Thread Tools Search this Thread
Top Forums Shell Programming and Scripting Duplicate filename algorithm
# 1  
Old 03-20-2010
Duplicate filename algorithm

Over the years I've created a bit of a mess in my directories with duplicate files. I've used fdupes to remove complete duplicates but there are still files which are almost identical which fdupes doesn't look for.

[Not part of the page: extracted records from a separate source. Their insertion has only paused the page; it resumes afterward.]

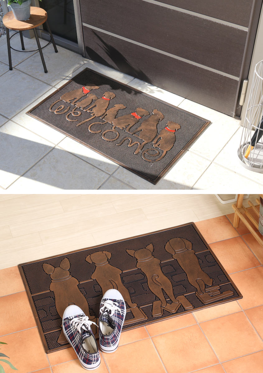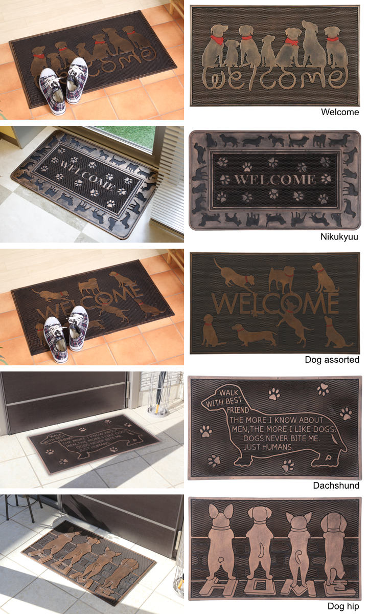 玄関マット 屋外 ラバーマット 犬 45×75 ( 泥落とし 洗える 水洗い 弾力 マット 滑り止め 雨 ラバー ゴム 幅75cm イヌ おしゃれ カフェ ベランダ デッキ テラス 玄関 ゴム素材 外用 室内 薄手 ペット ) 【ウェルカム】
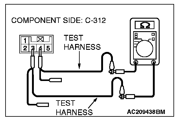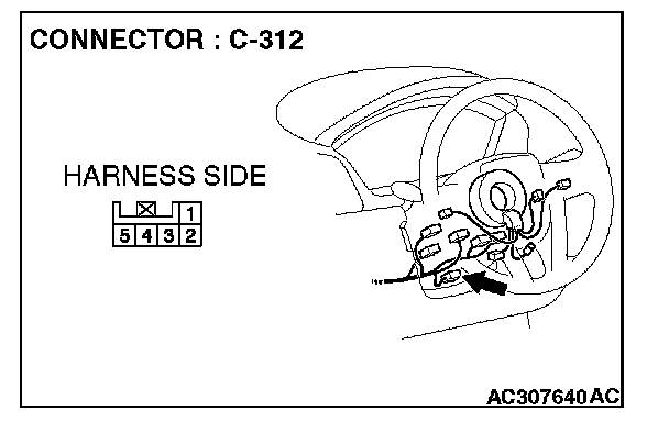 1. Disconnect steering wheel sensor connector C-312, and measure the resistance at the equipment side of steering wheel sensor connector C-312.
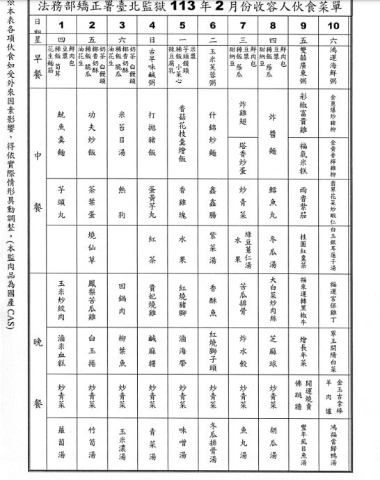 根据台北监狱公布的年夜饭菜单,除夕中午有彩椒富贵鸡、米糕、桂圆红枣茶,除夕夜还有黑椒牛肉、长年菜、佛跳墙、烧卖及虱目鱼汤可享用。

These have the same (or very similar) filenames. So I have tried to create a script to look for them and list them like fdupes (sets of duplicates separated by a blank line). What i have so far is this very inelegant script.

Code:
#!/bin/sh

filepathlist="filepathlist.txt"
filepathlistcomp="filepathlistcomp.txt"
duplicatefilenamelist="duplicatefilenamelist.txt"

echo "" > "$filenamelist"
echo "" > "$filepathlistcomp"
find > "$filepathlist"

while read path ;do
 filename=`basename "$path"`
 dupes=0
 while read pathcomp ;do
  filenamecomp=`basename "$pathcomp"`
  if [ "$filename" = "$filecomp" ];then
   if [ $dupes -gt 0 ];then
    echo "$filename" >> "$duplicatefilenamelist"
   fi
   dupes=1
  else
   echo "$path" >> "$filepathlistcomp" 
  fi
 done < "$filepathlist"
 
 echo "" >> "$duplicatefilenamelist"
 "$filepathlist" < "$filepathlistcomp"
done < "$filepathlist"

I'm sure there is a better way of doing this. would this script even work since I'm trying to change the file in the loop that's reading it. My main concern is efficiency in the algorithm. I tried to remove duplicates already accounted for by removing them from the list as it progresses through it but I have a feeling this will actually make it less efficient because of the added file operations. Any ideas on how best to approach this problem?
# 2  
Old 03-20-2010
I'm searching for a similar tool.
I found a simple way to print the duplicate file names
Code:
#!/bin/bash
FILES=/dev/shm/filelist
find -type f | awk -F'/' '{print $NF}' | sort | uniq -d > $FILES
while read F
do
	find -type f -name "$F"
	echo
done < $FILES



---------- Post updated at 13:05 ---------- Previous update was at 12:04 ----------

A complete script which could be optimized
Code:
#!/bin/bash
# Usage: find-dup [Path [Name]]
if [ -z "$1" ]
then
    read -p "Path to scan: " DIR    # Ask for a base path if not given as argument
else
    DIR="$1"
    if [ -z "$2" ]
    then
        read -p "File Names: " NAME    # Ask for a file pattern if not given as argument
        [ -n "$NAME" ] && NAME="-name $NAME"
    fi
fi
cd $DIR || exit 1
LIST=/dev/shm/filelist    # to store the temp filelists (ramdisk)
find -type f $NAME | awk -F'/' '{print $NF}' | sort | uniq -d > $LIST-1
while read F
do
    find -type f -name "$F" > $LIST-2
    i=0
    unset FILE
    while read L    # Creates an array with duplicate files
    do    ((i++)); FILE[$i]="$L"
    done < $LIST-2
    FILE[0]="Do not delete"
    OPT=""
    for ((i=0; i<${#FILE[@]}; i++))    # Displays the files with numbers for deletion
    do    OPT+=$i; echo -e "$i. ${FILE[$i]}"
    done
    K1=""
    until [[ $K1 = [$OPT] ]]
    do    read -s -n1 K1 <&1
    done
    if (($K1))
    then
        read -s -n1 -p "Confirm deletion of ${FILE[$K1]} (Y/N): " K2 <&1
        [[ $K2 = [yY] ]] && { echo; rm -v "${FILE[$K1]}"; } || echo "No deletion"
    else
        echo "No deletion"
    fi
    echo
done < $LIST-1


Last edited by frans; 03-20-2010 at 08:10 AM..
This User Gave Thanks to frans For This Post:
# 3  
Old 03-20-2010
You can use the Perl non standard module File::Find:Duplicates,
if you need to compare the content:

Code:
perl -MFile::Find::Duplicates -e'
    @dupes = find_duplicate_files("dir1", "dir2");
    printf "Files %s (of size %d) hash to %s\n", 
      (join "," , @{$_->files}), $_->size, $_->md5
        for @dupes'

# 4  
Old 03-22-2010
thank you for the suggestions frans and radoulov.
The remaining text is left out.